NAME

Image::Libpuzzle - Perl interface to libpuzzle.

SYNOPSIS

use Image::Libpuzzle; 

my $pic1 = q{pics/luxmarket_tshirt01.jpg};
my $pic2 = q{pics/luxmarket_tshirt01_sal.jpg};

my $p1 = Image::Libpuzzle->new;
my $p2 = Image::Libpuzzle->new;

my $sig1 = $p1->fill_cvec_from_file($pic1);
my $sig2 = $p2->fill_cvec_from_file($pic2);

# contrived example to show the setting of some parameters that affect the signature

foreach my $i ( 11, 9, 7, 5 ) {
  foreach my $j ( 2.0, 1.0, 0.5 ) {
    print "Lambda: $i, p ratio: $j\n";

    # set some params for sig1
    $p1->set_lambdas($i);
    $p1->set_p_ratio($j);

    # get signature for pic1
    $sig1 = $p1->fill_cvec_from_file($pic1);

    # set same params for sig2
    $p2->set_lambdas($i);
    $p2->set_p_ratio($j);

    # get signature for pic2
    $sig2 = $p2->fill_cvec_from_file($pic2);

    # stringify sig1
    my $string1 = $p1->signature_as_string;
    print qq{$string1\n};

    # stringify sig2
    my $string2 = $p2->signature_as_string;
    print qq{$string2\n};

    # generate a "document" of ngrams from sig1
    my $words1_ref = $p1->signature_as_ngrams; # defaults to $ngram size of $Image::Libpuzzle::DEFAULT_NGRAM_SIZE
    print join ' ', @$words1_ref;

    # generate a "document" of ngrams from sig2
    my $words2_ref = $p2->signature_as_ngrams(6); # example overriding $Image::Libpuzzle::DEFAULT_NGRAM_SIZE 
    print join ' ', @$words2_ref;

    # print Euclidean length of sig1
    printf("\nEuclidean length: %f",$p1->vector_euclidean_length);

    # print Euclidean length of sig2
    printf("\nDiff with \$p2: %f", $p1->vector_normalized_distance($p2));

    # compare images with a helper method
    printf("\nCompare 1: Is %s",($p1->is_most_similar($p2)) ? q{most similar} : q{not most similar});
    print "\n";

    # compare images directly
    printf("\nCompare 2: Is %s",( $p1->vector_normalized_distance($p2) < $Image::Libpuzzle::PUZZLE_CVEC_SIMILARITY_LOWER_THRESHOLD ) ? q{most similar} : q{not most similar});
    print "\n";
    print "\n\n";
  }
}

DESCRIPTION

This XS module provdes access to the most common functionality provided by Libpuzzle, http://www.pureftpd.org/project/libpuzzle.

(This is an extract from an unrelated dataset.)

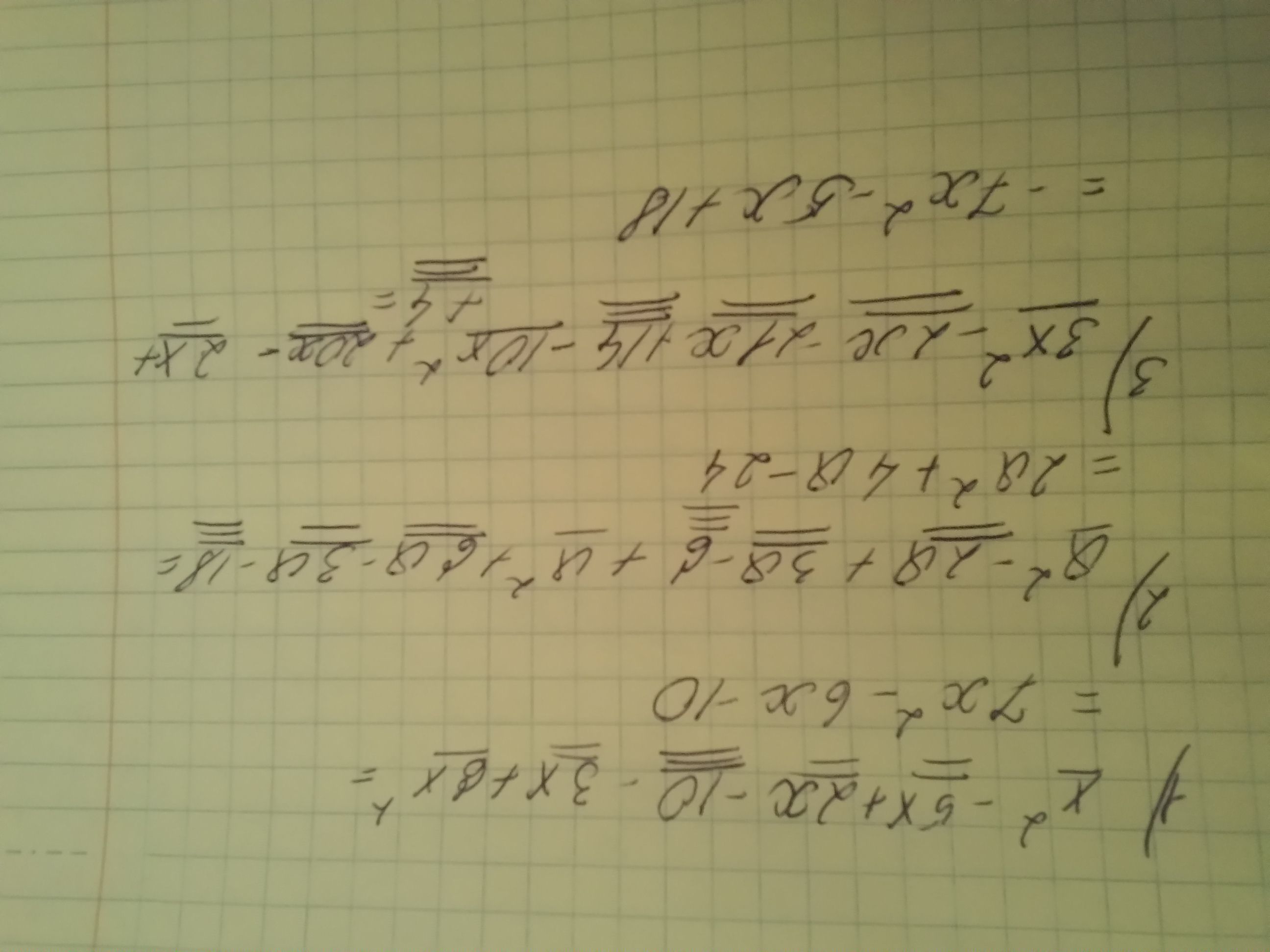 3) (x - 7)(3x - 2) - (5x + 1)(2x - 4)= 3x² - 21x - 2x + 14 - (10x² + 2x - 20x - 4) = 3x² - 23x + 14 - 10x² + 18x + 4 = -7x² - 5x + 18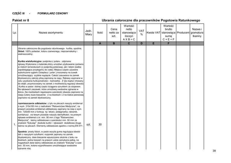 CZĘŚĆ III - FORMULARZ CENOWY Pakiet nr 8 Lp. Ubrania całoroczne dla pracowników Pogotowia Ratunkowego Nazwa asortymentu Jedn. Miary Ilość Cena netto za szt. A B Wartość netto stanowiąca iloczyn AXB=C C Wartość Nazwa i brutto VAT Kwota VAT stanowiąca Producent gramatura % sumę tkaniny C+E=F D E F Ubranie całoroczne dla pogotowia ratunkowego- kurtka, spodnie; Skład: 100% poliester, koloru czerwonego, nieprzemakalny i wiatroszczelny; Kurtka wielofunkcyjna: podpinka z polaru , odpinane rękawy.Wykonana z materiału,który umoŜliwi uŜytkowanie zarówno w niskich temeraturach (z podpinką polarową), jak i latem (siatka zapobiegająca przyleganiu do ciała); Miejsca często uŜywane wykończone ryglami.Ocieplacz ( polar );mocowany na suwak umoŜliwuiający szybkie wypięcie. Całość zasuwana na zamek błyskawiczny zakryty plisą zapinaną na napy. Rękawy wypinane w celu uzyskania funkcjonalności - kamizelka. Z tyłu kaptur chowany do stójki, przymocowany na zamek z moŜliwością regulacji obwodu .Kurtka w pasie i dolnej części ściągana sznurkiem ze stoperem. Na rękawach zaszewki, które umoŜliwią swobodne zginanie w łokciu .Na mankietach regulowana szerokość obwodu zapinane na rzepy.Cztery duŜe kieszenie: 2 na biodrach i 2 na klatce piersiowej zapinane na zamek błyskawiczny. 1. rozmieszczenie odblasków: z tyłu na plecach naszyty emblemat o wym. 310x100 mm z nadrukiem "Ratownictwo Medyczne", na prawym przodzie emblemat odblaskowy zapinany na rzep o wym. min. 120x50 mm z funkcją np. lekarz, pielęgniarka, ratownik, sanitariusz ,na lewym przodzie naszyty identyfikator, na prawym rękawie emblemat o śr. min. 90 mm z logo "Ratownictwo Medyczne", taśmy odblaskowe o szerokości min. 50 mm ze znakiem "Eskulap" dookoła kurtki i rękawach dodatkowo druga taśma na plecach. Elementy odblaskowe zgodne z normą EN 471 . . Spodnie: prosty fason, w pasie wszyta guma regulująca obwód talii z naszytymi szlufkami, rozporek zapinany na zamek błyskawiczny, dwie kieszenie wpuszczane ukośnie z boku na biodrach, jedna kieszeń na prawym udzie zamykana patką, na nogawkach dwie taśmy odblaskowe ze znakiem "Eskulap" o szer. min. 50 mm, kolana wyprofilowane umoŜliwiające swobodne zginanie nóg; szt. 30 39 Kurtka z polaru: polar przystosowany do wpięcia do kurtki całorocznej, zapinana na zamek błyskawiczny, obwód dołu regulowany ściągaczem, kołnierz zakończony wysoką stójką po wewnętrznej stronie wykonany z materiału łatwozmywalnego ,trzy kieszenie wpuszczane zapinane na zamek, jedna na lewej piersi, dwie skośne na biodrach, rozmieszczenie odblasków: na prawym przodzie element odblaskowy z funkcją o wym. min. 120x50 mm, zapinany na rzep, obok naszyty identyfikator, na prawym rękawie naszyty emblemat o śr. min. 90 mm z logo "Ratownictwo Medyczne", na rękawach i z tyłu kurtki naszyta taśma odblaskowa z emblematem "Eskulap" o szer min. 50 mm, z tyłu kurtki przyszyty emblemat o wym. min. 310x100 mm z nadrukiem "Ratownictwo Medyczne", polar o gramaturze min. 300g/m2, Kolorystyka czerwona ze wstawkami granatowymi dotyczy kurtki z polaru, spodni i kurtki całorocznej; moŜliwość prania w temp. 40st., odporność materiału i nici na działanie środków dezynfekcyjnopioracych uŜywanych w szpitalnictwie, elementy odblaskowe do wyŜej wymienionych pozycji zgodne z normą EN 471, wymagany znak CE RAZEM 39

It also includes some pure Perl helper methods users of Libpuzzle might find helpful when creating applications based on it.

This module is in its very early form. It may change without notice. If a feature is missing, please request it at https://github.com/estrabd/p5-puzzle-xs/issues.

NOTES ON USING LIBPUZZLE

Below are some brief notes on how to use this module in order to get the most out of the underlying Libpuzzle library.

Comparing Images

Libpuzzle presents a robust, fuzzy way to compare the similarity of images. Read more about the technique in the paper that describes it,

http://citeseerx.ist.psu.edu/viewdoc/download?doi=10.1.1.104.2585&rep=rep1&type=pdf

Working With Signatures

Signatures are typically not printable date, so one may either use the native Libpuzzle methods to work with them, such as vector_euclidean_length and vector_normalized_distance.

Image::Libpuzzle provides two methods for generating signatures in a printable form that may be used to deal with signatures in a more printable way, signature_as_string and signature_as_ngrans. See below for more details.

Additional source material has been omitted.